Just because something has a global addresses does not mean global reachability (see default deny above). Further you can layout your IPv6 address plan so that you can tell at a glance if hosts are externally accessible. Using a /48 a basis, you break out sixteen /52s, numbered $PREFIX:[0-f]000::/52.
To make it easier to remember what is externally accessible, you put all of those hosts in $PREFIX:e000::/52, where e stands for external. That /52 can then be broken down into:
* sixteen /56s
* 256 /60s
* 4096 /64s
or any combination thereof. See Figure A-5 for various ways to slice and dice:
* https://www.oreilly.com/library/view/ipv6-address-planning/9...

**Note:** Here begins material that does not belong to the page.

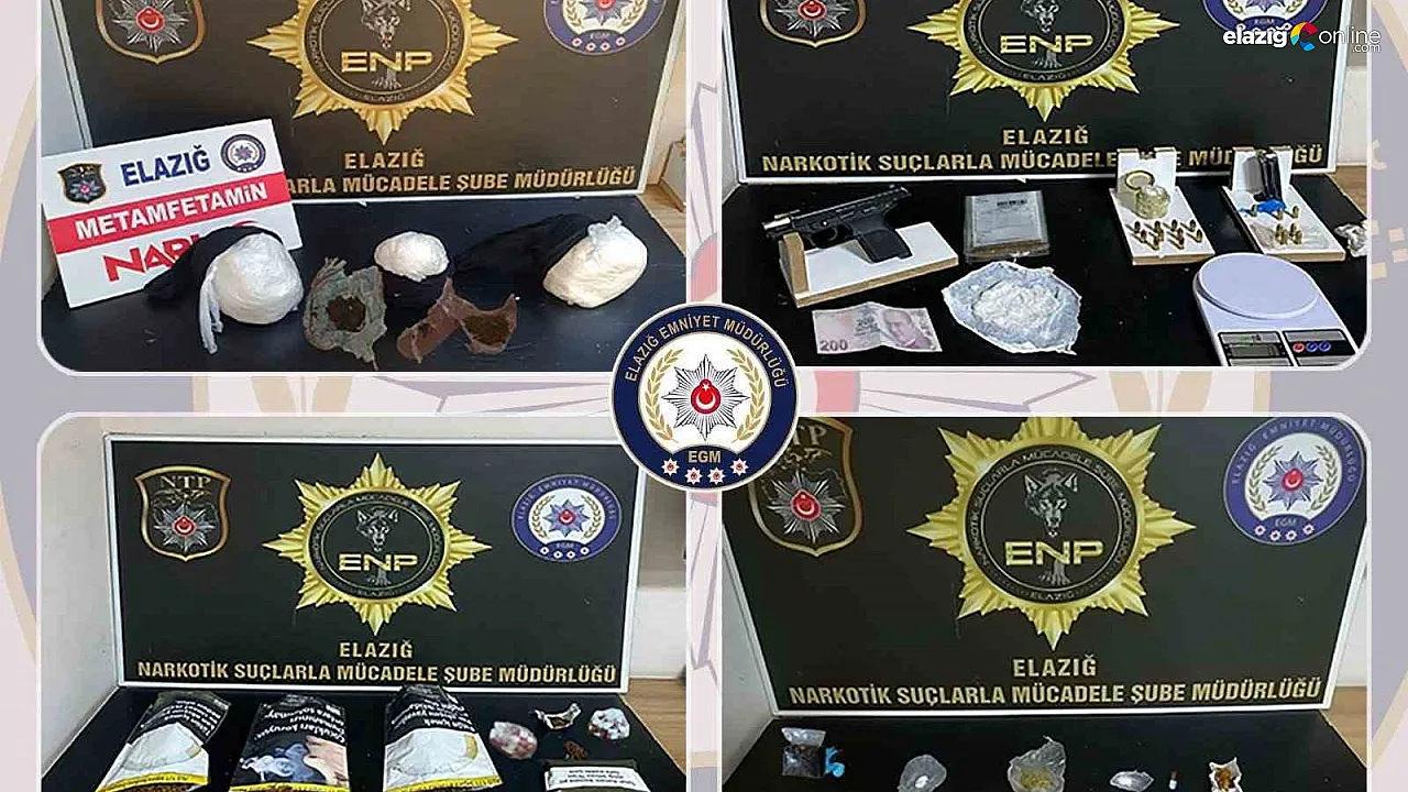 Elazığ İl Emniyet Müdürlüğü Narkotik Suçlarla Mücadele Şube Müdürlüğü ekipleri, uyuşturucu madde ticareti, sevkiyatı ve kullanımını önlemek amacıyla geniş çaplı operasyonlar düzenliyor. Son operasyonlarda önemli miktarda uyuşturucu madde ve silah ele geçirildi.

Everything in $PREFIX:[0-d,f]000::/52 is not externally reachable.
This is a lie. A "session through the NAT" does not really expose the host to the outside world, because in 99% of the cases this is a TCP session, and the NAT machine would drop all "out of order" packets.
>Most modern attacks start from a compromised internal host (e.g., from phishing), or through stolen credentials via a remote access method.
Your statement is a perfect example of https://en.wikipedia.org/wiki/Survivorship_bias.
Most modern attacks start from an internal host exactly because NAT makes external attacks infeasible for the majority of scenarios.
>Set your firewall to default deny, then add a rule for allow outgoing connections, followed by only allow incoming connections if they are replies.
What about I don't do it, and the system is still _automatically_ secure, because NAT does exactly that while being _required_ for the system to work.
>See Figure A-5
LOL. What about I don't see any figures, and the system still works and is secure for the 99% of the cases.
No, it's not. NAT only translates addresses and does not inspect the TCP "internals" (like sequence number etc, which would allow it to block certain packets).
What you are describing is a stateful firewall that allows "reply packets" for an established TCP-session.
Yes it is. How would it forward response packets back if it doesn't track connections?
In real life I haven't seen "stateless NAT" for about 20 years.
But cgnat machines usually go beyond that and even verify sequence numbers.